Keynoting the gala Lighting a Billion Lives reception and dinner in New York recently, the former vice president said, "One of the scientific realities that has become ever more clear, partly as a consequence of the work of the eminent Indian-American scientist Dr V Ramanathan (of the University of California, San Diego's Scripps Institute of Oceanography) is that the so-called black carbon, which is different from the other global warming pollutants, is probably the third largest cause of global warming."
Gore pointed out that black carbon emissions from the subcontinent settle on the ice and snow in the Himalayas, in the foothills and on the Tibetan plateau.
By darkening the surface of all that ice and snow, the emissions cause more of the sun's heat to be absorbed by the ice and snow, tremendously accelerating the melting process. "The great rivers of India -- including the Indus, the holy Ganga and the Brahmaputra -- originate in that ice and snow, thus impacting on the water a large percentage of Indians use both for consumption and agricultural use," he pointed out.
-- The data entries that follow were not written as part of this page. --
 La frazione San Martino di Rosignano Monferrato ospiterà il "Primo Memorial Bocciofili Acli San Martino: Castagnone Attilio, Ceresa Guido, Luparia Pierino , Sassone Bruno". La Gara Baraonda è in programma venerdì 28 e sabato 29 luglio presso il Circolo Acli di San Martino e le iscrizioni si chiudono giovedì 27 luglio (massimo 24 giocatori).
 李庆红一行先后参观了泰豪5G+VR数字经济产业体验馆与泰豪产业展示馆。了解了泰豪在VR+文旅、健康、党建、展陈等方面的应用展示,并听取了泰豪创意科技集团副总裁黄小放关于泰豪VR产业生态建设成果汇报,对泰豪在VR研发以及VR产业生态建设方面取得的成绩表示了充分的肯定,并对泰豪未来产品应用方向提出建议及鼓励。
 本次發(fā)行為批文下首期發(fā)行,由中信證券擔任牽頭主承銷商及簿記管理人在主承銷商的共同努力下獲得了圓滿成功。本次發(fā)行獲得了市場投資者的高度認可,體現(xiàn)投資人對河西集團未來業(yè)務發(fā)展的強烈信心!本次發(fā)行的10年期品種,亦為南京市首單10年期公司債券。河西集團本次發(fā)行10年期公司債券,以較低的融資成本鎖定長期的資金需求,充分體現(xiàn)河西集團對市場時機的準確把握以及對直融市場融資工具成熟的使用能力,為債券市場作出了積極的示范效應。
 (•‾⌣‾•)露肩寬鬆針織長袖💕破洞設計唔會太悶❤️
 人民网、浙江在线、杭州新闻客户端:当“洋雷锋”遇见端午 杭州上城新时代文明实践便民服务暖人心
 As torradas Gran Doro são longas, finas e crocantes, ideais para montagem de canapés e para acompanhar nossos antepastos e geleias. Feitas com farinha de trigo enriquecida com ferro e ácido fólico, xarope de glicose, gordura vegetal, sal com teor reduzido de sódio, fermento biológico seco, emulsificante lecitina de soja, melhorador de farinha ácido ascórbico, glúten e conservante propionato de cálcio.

Image: Left to right: John Kerry, member of US Senate; Steven Israel, member of the US House of Representatives; Jairam Ramesh, Minister of State for Environment and Forests; Farooq Abdullah, Union Minister for New and Renewable Energy; Al Gore, former US Vice President; and Dr R K Pachauri, Director General, TERI.
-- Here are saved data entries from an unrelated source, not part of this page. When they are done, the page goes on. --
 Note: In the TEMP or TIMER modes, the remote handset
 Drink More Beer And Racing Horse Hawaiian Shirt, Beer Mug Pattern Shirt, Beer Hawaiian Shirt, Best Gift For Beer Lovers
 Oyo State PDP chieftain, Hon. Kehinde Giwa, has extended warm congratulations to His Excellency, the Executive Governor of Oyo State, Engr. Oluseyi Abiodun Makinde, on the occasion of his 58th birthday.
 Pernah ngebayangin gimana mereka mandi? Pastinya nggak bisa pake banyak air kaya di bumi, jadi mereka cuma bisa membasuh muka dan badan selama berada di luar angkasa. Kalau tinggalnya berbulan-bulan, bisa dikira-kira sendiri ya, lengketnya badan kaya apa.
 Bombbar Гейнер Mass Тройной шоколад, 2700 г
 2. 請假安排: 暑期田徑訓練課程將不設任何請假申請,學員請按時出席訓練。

Gore said he was not suggesting that more conventionally recognised causes of global warming -- industrial emissions from the United States, deforestation in Indonesia and Brazil, etc -- did not apply.
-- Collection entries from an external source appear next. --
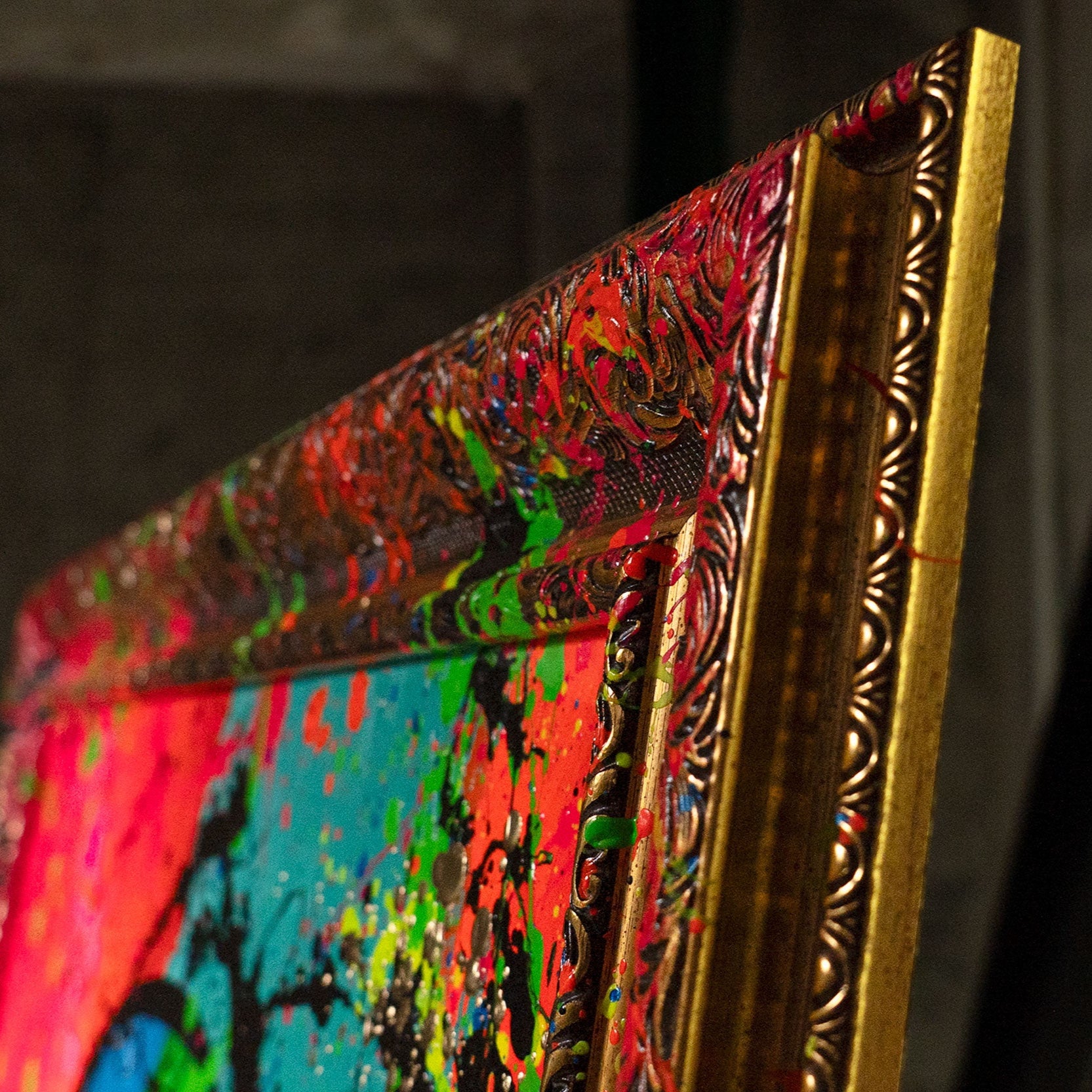 Dieses farbenfrohe Leinwandbild ist ein echtes Statement: Ein Pop-Art-Entchen mit ikonischer Sonnenbrille in leuchtenden Farben, umgeben von energiegeladenen Spritzern. Jeder Pinselstrich ist handgemalt und macht das Werk zu einem absoluten Unikat – voller Humor, Mut und urbanem Lifestyle.
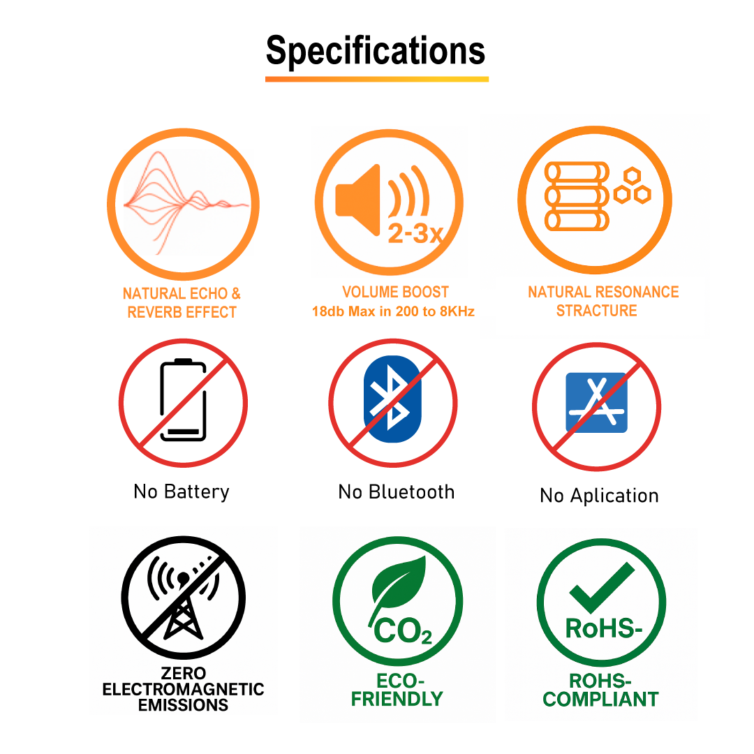 . It uses a resonance chamber and Fabry–Pérot–inspired tubes to bring speech bands (~200–8000 Hz) forward—no battery, no Bluetooth, no app.
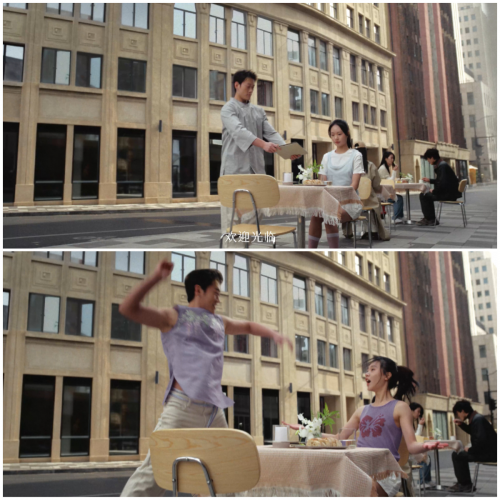 其中,两位舞者服装动态变色镜头成为最大执行挑战。团队通过鱼线精准操控完成紫色瞬间展开效果,摄影、演员与道具组多次磨合至毫米级精度,最终实现一镜到位。

He merely intended to point out that the use of kerosene as fuel 'is the proximate cause of a water shortage and the unfolding potential catastrophe that completely defies the human imagination.'
Lauding the shift in emphasis made by Prime Minister Dr Manmohan Singh and Environment Minister Jairam Ramesh, Gore said, "In our world, more global warming pollution anywhere is a threat to the future of civilization everywhere, and we all have to be a part of the solution."
Reminiscing about his decades-long relationship with Pachauri, Gore said, "What Dr Pachauri is doing in leading the scientific community of the entire planet to a realisation of what needs to be done is just fantastic, and in the capacity that brings us here, I am so proud and honored to support enthusiastically and wholeheartedly the Lighting a Billion Lives campaign."
He characterised the initiative as an effort to "transform people's lives and lift their prospects, and simultaneously reduce this deadly global warming pollution".
Gore rounded off a wide ranging speech by citing an old African proverb: If you want to go quickly, go alone; if you want to go far, go together. "We have to go far, quickly," Gore said, "and that's what Dr Pachauri's Lighting a Billion Lives programme is making possible."